BETTER LIFE BETTER DECISIONS

How Invisible Cities Made Me Think Differently About Places I’ve Lived

Some books don’t ask you to follow a story. They just sit with you for a while, like a quiet guest. Invisible Cities by Italo Calvino is one of those books.

It’s not new. It was published in 1972. It’s not long either—you could finish it in a few hours if you really wanted to. But that’s not how it works. This is a book you read slowly, without rushing, maybe one short piece at a time. You open it, read about a strange city that may or may not exist, and then close the book and keep thinking about it.

Marco Polo speaks to Kublai Khan. He tells him about the cities he’s seen. Or says he’s seen. Each city has a name, a pattern, something that makes it stand out. But none of them feel like actual places. What they describe is more personal—memory, routine, loss, repetition, hope.

I read this book while I was in between places. Not quite settled, not quite uprooted either. And the way Calvino wrote about cities made me stop and think: not about geography, but about the emotional shape of places. How some cities stay with you long after you’ve left. How others seem to erase themselves while you’re still there.

Some of the cities in the book sound familiar, even though they’re fictional. A city built on memory. One where the streets are shaped by desire.

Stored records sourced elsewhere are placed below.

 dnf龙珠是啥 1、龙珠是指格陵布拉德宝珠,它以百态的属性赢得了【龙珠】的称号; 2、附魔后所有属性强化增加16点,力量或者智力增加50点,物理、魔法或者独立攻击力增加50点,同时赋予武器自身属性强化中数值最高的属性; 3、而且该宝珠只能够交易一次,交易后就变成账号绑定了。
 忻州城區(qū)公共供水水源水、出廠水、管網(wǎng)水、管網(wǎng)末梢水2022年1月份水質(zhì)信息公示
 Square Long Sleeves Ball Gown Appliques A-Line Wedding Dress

Another where everything looks the same but changes constantly. You start to recognize these places—not on a map, but in your own past.

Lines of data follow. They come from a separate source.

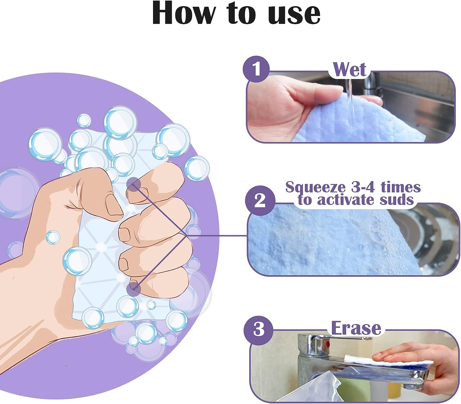 - 【Multiple Effects】Light scrub singles pad with cleaner is composed of scrubbing pads, detergent layer and cleaning surface. No need to buy multiple cumbersome cleaning products, disposable scrubbing pads with cleaner can achieve multiple effects.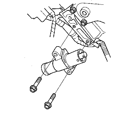 10. Thread the battery clamp bolt in as shown to hold the timing belt adjuster. Tighten it by hand; do not use a wrench.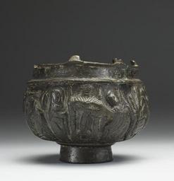 Keywords: Syrian - Censer with Scenes from the Life of Christ - Walters 542575 - View B.jpg The spiritual nature of the church interior was enhanced by the burning of incense In the medieval church as in some Christian traditions today incense blessed by the priest was sprinkled on hot coals placed inside a censer which was then swung back and forth around the priest sacred objects of the sanctuary and the congregation during religious ceremonies The smoke of the incense wafting through the air was believed to facilitate the ascent of people's prayers to heaven Moreover the aromatic scent was thought to honor God and the saints and attention was paid to the composition of the incense because each element frankincense myrrh aloeswood was held to possess purifying powers This Byzantine censer carries relief images of the Annunciation Nativity Crucifixion and the Women at the Tomb on the sides and of the Virgin and Child enthroned on the bottom century 7 8 Early Medieval bronze cm 11 7 13 9 14 1 accession number 54 2575 27283 Mrs Carol L Brewster Owings Mills Maryland 1971 by purchase Walters Art Museum Gift of Mrs Carol L Brewster 1981 Realms of Faith Medieval and Byzantine Art from the Walters Art Museum Frist Center for the Visual Arts Nashville 2001-2002 Realms of Faith Medieval and Byzantine Art from the Walters Art Museum Frist Center for the Visual Arts Nashville 2002-2005 place of origin Syria Walters Art Museum license Medieval metalwork in the Walters Art Museum Metalwork from Syria Media contributed by the Walters Art Museum needs category review |

If you’ve lived in many cities—or even just left one behind—this book feels different. Not poetic in a flowery way. Not clever just to be clever. More like someone put into words what you’ve been feeling all along but couldn’t quite explain.

This isn’t a book to finish and forget. It’s a book you keep near you and open when your mind is already somewhere else. It doesn’t offer advice. It doesn’t promise clarity. It just reminds you that cities affect people. Sometimes they comfort. Sometimes they erase you. And sometimes, they hold a version of you that no longer exists.

If you’ve ever wondered what a place has done to you—how it’s shaped your habits, your thoughts, your version of yourself—this book gets it.

I’m not writing this to recommend a book. I’m writing it because Invisible Cities made me realize how quietly cities work on us. How we collect them inside ourselves. And how they never really go away.